A critical cellular signaling pathway utilized in the WE is the Akt/PI3K cascade. Akt (protein kinase B) promotes glucose transporter (GLUT) activity and activates glycolytic enzymes. cMYC also activates enzymes of glycolysis, favors expression of PKM2 M2, and increases glutamine transporter, although it increases GLS2 expression to support GSH synthesis, which is more typical of quiescent cells (Cairns et al. 2011; Dang 2010). mTOR (mammalian target of rapimycyin) increases the surface expression of GLUTs and activates HIF1, and is itself activated by Akt/PI3K (DeBerardinis 2008). P53 antagonizes the WE by stimulating TCA cycle activity, reducing expression of GLUTs, inhibiting PGAM activity, and decreasing glycolytic flux via stimulation of TIGAR (aka C12orf5 (chromosome 12, open reading frame 5)) expression (Maddocks and Vousden 2011; Vousden and Ryan 2009).

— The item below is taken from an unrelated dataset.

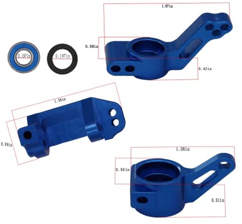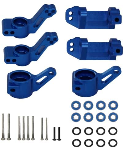 Caster steering block kit features: Material:Aluminum Alloy Color:Navy Blue Package Included: 2 x Steering blocks(L/R) 2 x Caster blocks(L/R) 2 x Stub axle carriers(L/R) 8 x 5x11x4mm bearings 6 x Suspension Screw Pins 4 × Gasket 2 x Screws Suitable for:Traxxas 1/10 Slash 2WD ,1/10 Stampede 2WD,1/10 Rustler 2WD,Bigfoot 2WD,1/10 Nitro Slash 2WD,1/10 Ford F-150 Raptor RC vehicle only. Note: 1:Check your specific models manual for compatibility,or Contact us. 2:The color of the item may vary slightly due to photography and your own computer /Phone.
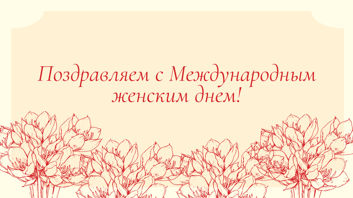 Поздравляем вас с Международным женским днем! Желаем вам безграничного счастья, душевного спокойствия и постоянных успехов во всем. Пусть вас окружает только тепло близких людей, а первые весенние дни принесут еще больше радости и уюта. С праздником!

Embryos and The Warburg Effect

Although proliferating cells utilize the WE, the control of glucose metabolism is more complex than was previously appreciated (rather than simply lactate production) underlying the final metabolic result that ultimately contributes to biomass synthesis. Embryos, as proliferating cells, have some aspects of the WE in common with cancer cells. Yet, there are important differences between these two types of proliferating cells that require metabolic modifications. Both cell types require the biosynthesis of nucleic acids for cell proliferation, although the embryo requires less lipid and protein than cancer cells because, at the preimplantation stages, there is no true cell growth. Thus, mechanisms critical to fatty acid and amino acid synthesis in cancer cells may play a reduced role in embryos, although mechanisms relevant to R5P and NADPH production for nucleotide synthesis and redox control, respectively, may be quite similar. We propose that embryos do utilize aerobic glycolysis to generate glycolytic intermediates for R5P and NADPH production, as well as glutaminolysis for NADPH generation. Pyruvate may be converted to lactate to maintain NAD+ levels that support elevated glycolysis. The TCA cycle and oxphos are still active and functional, relying on fatty acid oxidation (FAO) to generate ATP as well as to replenish cycle intermediates. This model represents a completely new understanding of embryo metabolism in the context of a broad, interconnected network of metabolic mechanisms that influence viability, versus the current dogma of carbohydrate metabolism via oxidative phosphorylation.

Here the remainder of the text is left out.